• PROBLEM DETAILS:
Beginning with the first line, please return the entries exactly through the line that contains "Stacker compiled a", and leave out all later lines.

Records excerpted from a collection
= = = = = = =
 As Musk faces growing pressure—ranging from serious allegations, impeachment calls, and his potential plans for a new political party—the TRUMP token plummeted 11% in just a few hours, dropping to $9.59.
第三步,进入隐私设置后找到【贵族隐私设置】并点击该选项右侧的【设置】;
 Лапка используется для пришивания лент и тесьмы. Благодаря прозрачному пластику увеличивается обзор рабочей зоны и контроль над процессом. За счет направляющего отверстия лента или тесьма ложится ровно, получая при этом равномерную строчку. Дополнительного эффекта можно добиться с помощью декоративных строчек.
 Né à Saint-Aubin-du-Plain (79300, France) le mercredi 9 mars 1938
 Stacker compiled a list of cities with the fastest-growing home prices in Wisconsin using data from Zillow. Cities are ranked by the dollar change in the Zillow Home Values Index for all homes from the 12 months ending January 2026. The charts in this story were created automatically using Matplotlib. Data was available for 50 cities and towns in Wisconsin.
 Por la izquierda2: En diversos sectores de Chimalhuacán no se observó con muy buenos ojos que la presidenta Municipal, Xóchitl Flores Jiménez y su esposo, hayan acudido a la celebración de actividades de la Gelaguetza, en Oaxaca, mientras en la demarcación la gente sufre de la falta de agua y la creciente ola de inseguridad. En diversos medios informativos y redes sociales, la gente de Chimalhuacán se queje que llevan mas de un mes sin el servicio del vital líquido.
= = = = = = =
• SOLUTION:
 As Musk faces growing pressure—ranging from serious allegations, impeachment calls, and his potential plans for a new political party—the TRUMP token plummeted 11% in just a few hours, dropping to $9.59.
第三步,进入隐私设置后找到【贵族隐私设置】并点击该选项右侧的【设置】;
 Лапка используется для пришивания лент и тесьмы. Благодаря прозрачному пластику увеличивается обзор рабочей зоны и контроль над процессом. За счет направляющего отверстия лента или тесьма ложится ровно, получая при этом равномерную строчку. Дополнительного эффекта можно добиться с помощью декоративных строчек.
 Né à Saint-Aubin-du-Plain (79300, France) le mercredi 9 mars 1938
 Stacker compiled a list of cities with the fastest-growing home prices in Wisconsin using data from Zillow. Cities are ranked by the dollar change in the Zillow Home Values Index for all homes from the 12 months ending January 2026. The charts in this story were created automatically using Matplotlib. Data was available for 50 cities and towns in Wisconsin.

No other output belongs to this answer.